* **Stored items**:

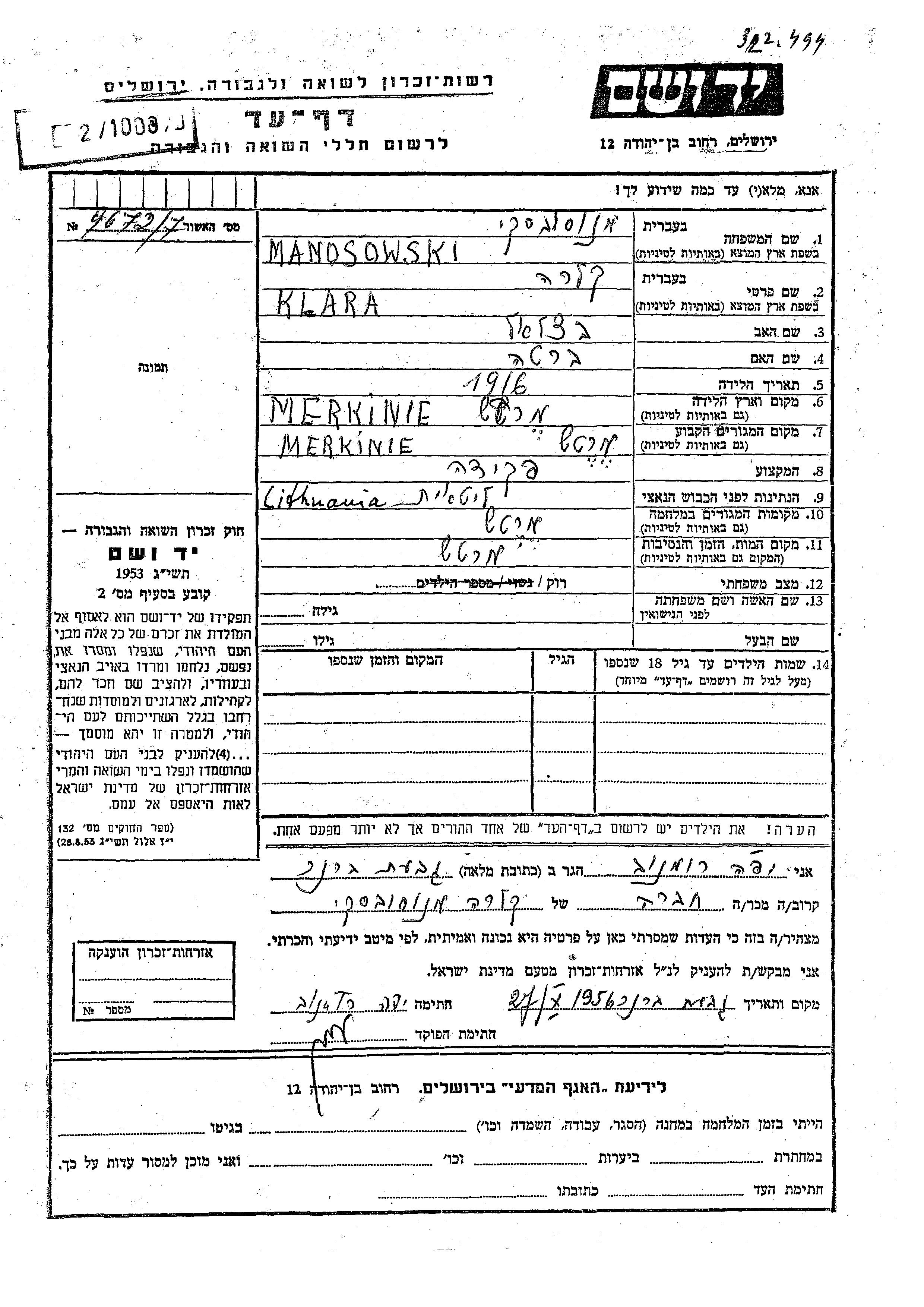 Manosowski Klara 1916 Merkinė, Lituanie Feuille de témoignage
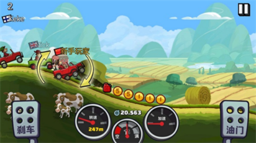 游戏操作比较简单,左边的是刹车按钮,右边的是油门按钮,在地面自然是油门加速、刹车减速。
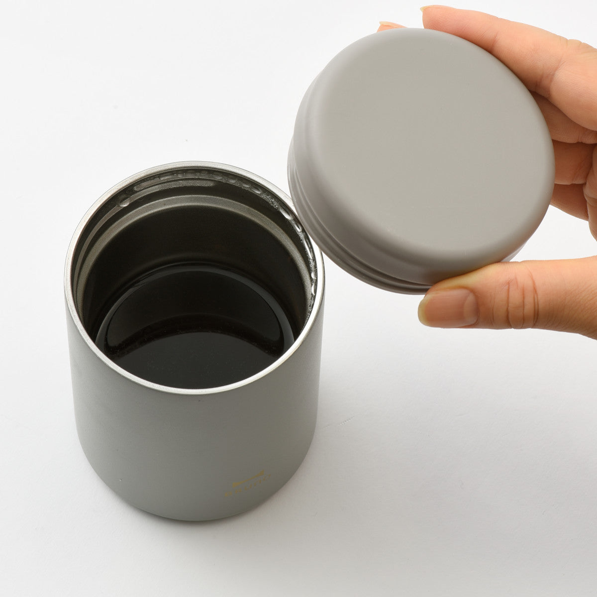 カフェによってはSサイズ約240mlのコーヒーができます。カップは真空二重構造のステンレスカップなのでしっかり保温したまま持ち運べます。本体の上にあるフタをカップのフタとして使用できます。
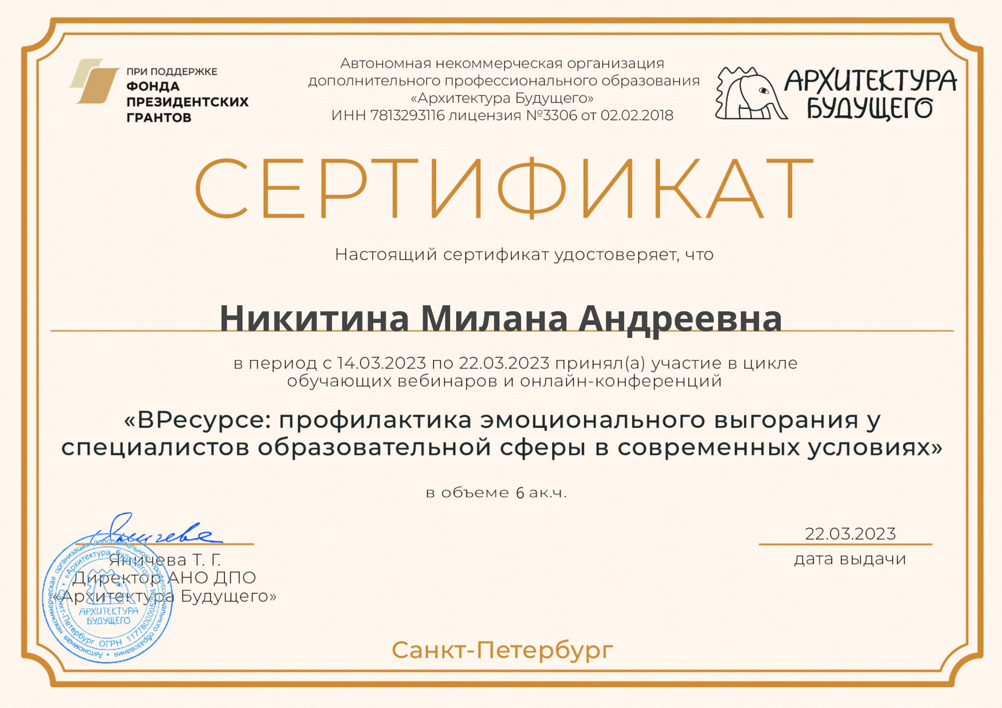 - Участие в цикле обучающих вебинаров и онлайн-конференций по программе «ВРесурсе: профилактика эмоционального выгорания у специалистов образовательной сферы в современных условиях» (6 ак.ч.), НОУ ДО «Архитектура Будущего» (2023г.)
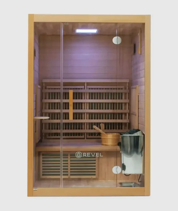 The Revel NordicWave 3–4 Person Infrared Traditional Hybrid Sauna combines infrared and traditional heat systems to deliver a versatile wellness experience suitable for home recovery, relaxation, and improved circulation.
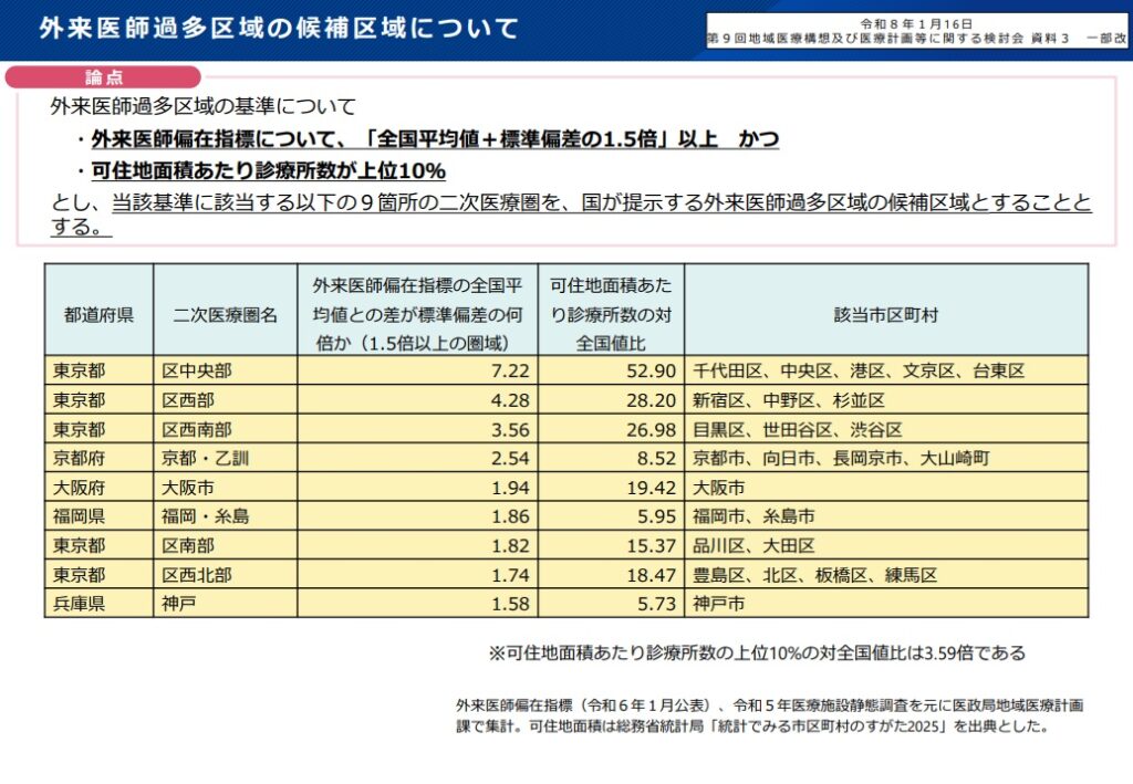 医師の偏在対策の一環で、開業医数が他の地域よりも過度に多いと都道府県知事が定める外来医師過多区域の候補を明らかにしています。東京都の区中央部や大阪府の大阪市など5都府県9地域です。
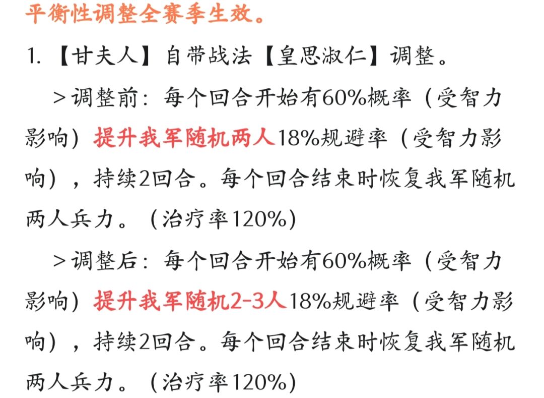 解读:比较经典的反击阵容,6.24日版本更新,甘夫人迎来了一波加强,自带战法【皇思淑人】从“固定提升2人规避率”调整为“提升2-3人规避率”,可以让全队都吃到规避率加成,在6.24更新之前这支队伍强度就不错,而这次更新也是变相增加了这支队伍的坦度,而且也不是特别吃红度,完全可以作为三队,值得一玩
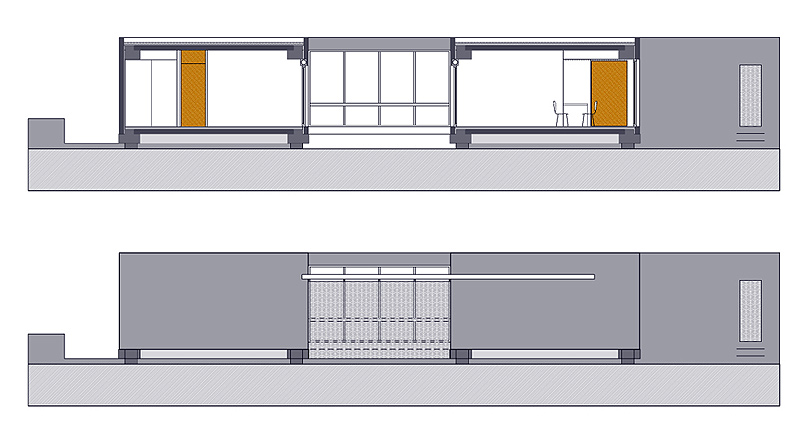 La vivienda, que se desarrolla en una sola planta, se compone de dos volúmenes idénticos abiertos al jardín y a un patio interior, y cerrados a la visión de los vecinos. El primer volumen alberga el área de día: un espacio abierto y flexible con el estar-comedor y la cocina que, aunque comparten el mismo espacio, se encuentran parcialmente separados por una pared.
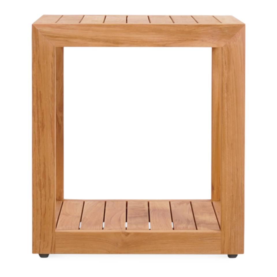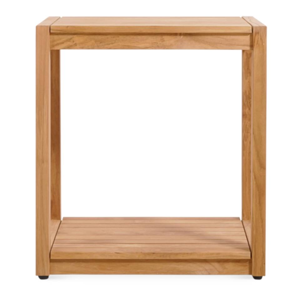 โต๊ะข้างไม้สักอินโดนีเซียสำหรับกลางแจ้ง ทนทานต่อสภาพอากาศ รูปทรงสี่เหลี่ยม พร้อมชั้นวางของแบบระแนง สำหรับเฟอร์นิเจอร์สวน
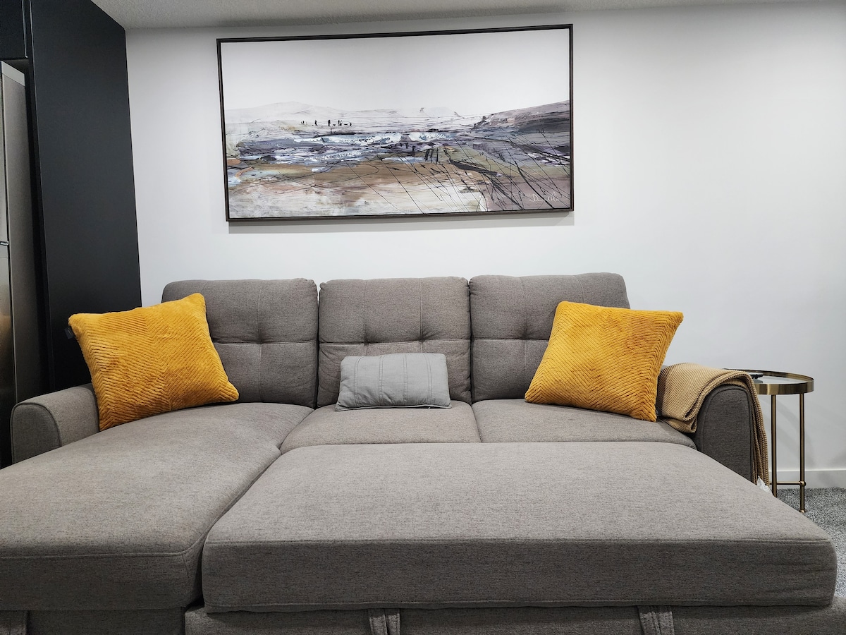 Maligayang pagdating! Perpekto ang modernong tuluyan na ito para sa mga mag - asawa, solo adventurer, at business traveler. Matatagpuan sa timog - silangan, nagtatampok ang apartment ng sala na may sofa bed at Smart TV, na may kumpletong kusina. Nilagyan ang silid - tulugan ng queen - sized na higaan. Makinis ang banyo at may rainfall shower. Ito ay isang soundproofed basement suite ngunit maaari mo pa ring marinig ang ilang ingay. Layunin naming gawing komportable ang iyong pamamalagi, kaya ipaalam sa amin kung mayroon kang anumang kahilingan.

* **WORK ORDER**:
Would you copy out, exactly and with no pictures, only the lines above from the one that contains "カフェによってはSサイズ約2" through the one that contains "- Участие в"?

* **YOUR RESPONSE**:
 カフェによってはSサイズ約240mlのコーヒーができます。カップは真空二重構造のステンレスカップなのでしっかり保温したまま持ち運べます。本体の上にあるフタをカップのフタとして使用できます。
 - Участие в цикле обучающих вебинаров и онлайн-конференций по программе «ВРесурсе: профилактика эмоционального выгорания у специалистов образовательной сферы в современных условиях» (6 ак.ч.), НОУ ДО «Архитектура Будущего» (2023г.)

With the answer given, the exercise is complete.